#### Supplied data

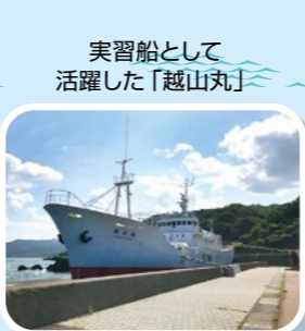
実習船として活躍した「越山丸」
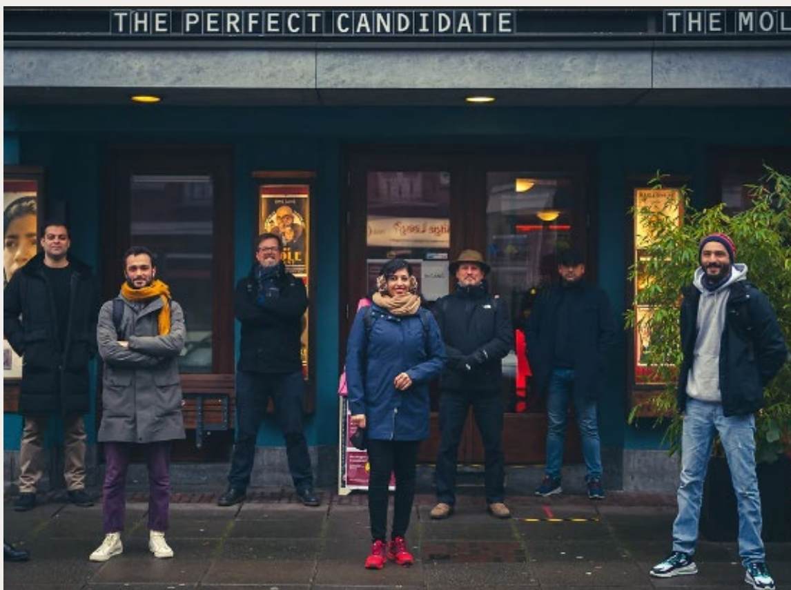
HET TEAM VAN BUDDY FILM FOUNDATION.

De Buddy Film Foundation helpt gevluchte regisseurs en acteurs op weg in de filmindustrie. 'We sturen niet zomaar iemand naar de set.'
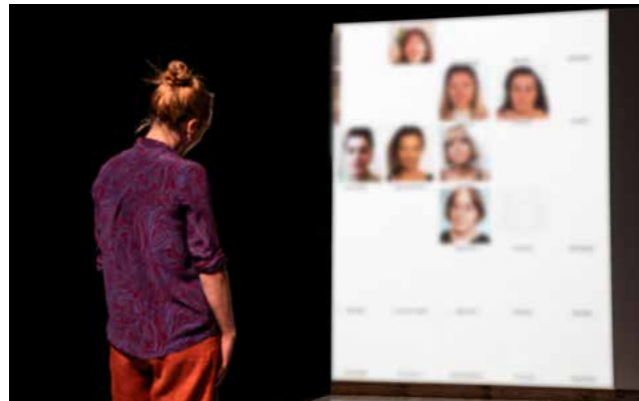
She was a Friend of Someone Else © Le Dandy Manchot

> 21 au 23 novembre à L'Idéal, Tourcoing
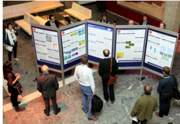
Imatges d'un congrés científic.
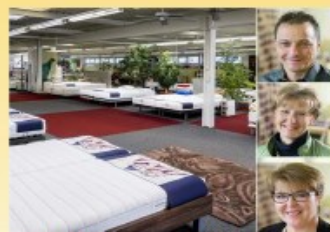
Bettenhaus Bella Luna

########

Beginning with the line that holds "Imatges d'un congrés científic.", return each line through the end of the records above exactly. Do not include pictures.

Imatges d'un congrés científic.
Bettenhaus Bella Luna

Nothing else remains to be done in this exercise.